The normal operation of the Bidi algorithm as described in the Unicode Technical Report is to take text stored in logical (keyboard, typing) order and to determine the reordering of it for visual rendering. Some legacy systems store text in visual order, and for operations with standard, Unicode-based algorithms, the text needs to be transformed to logical order. This is effectively the inverse algorithm of the described Bidi algorithm. Note that there is no standard algorithm for this "inverse Bidi" and that the current implementation provides only an approximation of "inverse Bidi".

With isInversed set to true, this method changes the behavior of some of the subsequent methods in a way that they can be used for the inverse Bidi algorithm. Specifically, runs of text with numeric characters will be treated in a special way and may need to be surrounded with LRM characters when they are written in reordered sequence.

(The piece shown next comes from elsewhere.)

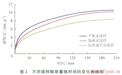 鉆井完井液濾液是一種化學(xué)成分比較復(fù)雜的流體,包含各種表面活性劑,煤層氣井鉆井過程中鉆井完井液濾液侵入后將與煤層發(fā)生物理化學(xué)作用,降低煤巖解吸能力進(jìn)而影響煤層氣產(chǎn)量,為考察現(xiàn)場(chǎng)用鉆井完井液體系對(duì)寧武盆地9號(hào)煤層解吸能力的影響,開展了平衡水煤樣、飽和水煤樣和鉆井完井液處理煤樣的解吸實(shí)驗(yàn)。

Output runs should be retrieved using getVisualRun(). Since the actual input for "inverse Bidi" is visually ordered text and getVisualRun() gets the reordered runs, these are actually the runs of the logically ordered output.

Calling this method with argument isInverse set to true is equivalent to calling setReorderingMode with argument reorderingMode set to REORDER_INVERSE_NUMBERS_AS_L.
Calling this method with argument isInverse set to false is equivalent to calling setReorderingMode with argument reorderingMode set to REORDER_DEFAULT.

Parameters:
isInverse - specifies "forward" or "inverse" Bidi operation.
See Also:
setPara(java.lang.String, byte, byte[]), writeReordered(int), setReorderingMode(int), REORDER_INVERSE_NUMBERS_AS_L, REORDER_DEFAULT
Status:
Stable ICU 3.8.

isInverse

public boolean isInverse()
Is this Bidi object set to perform the inverse Bidi algorithm?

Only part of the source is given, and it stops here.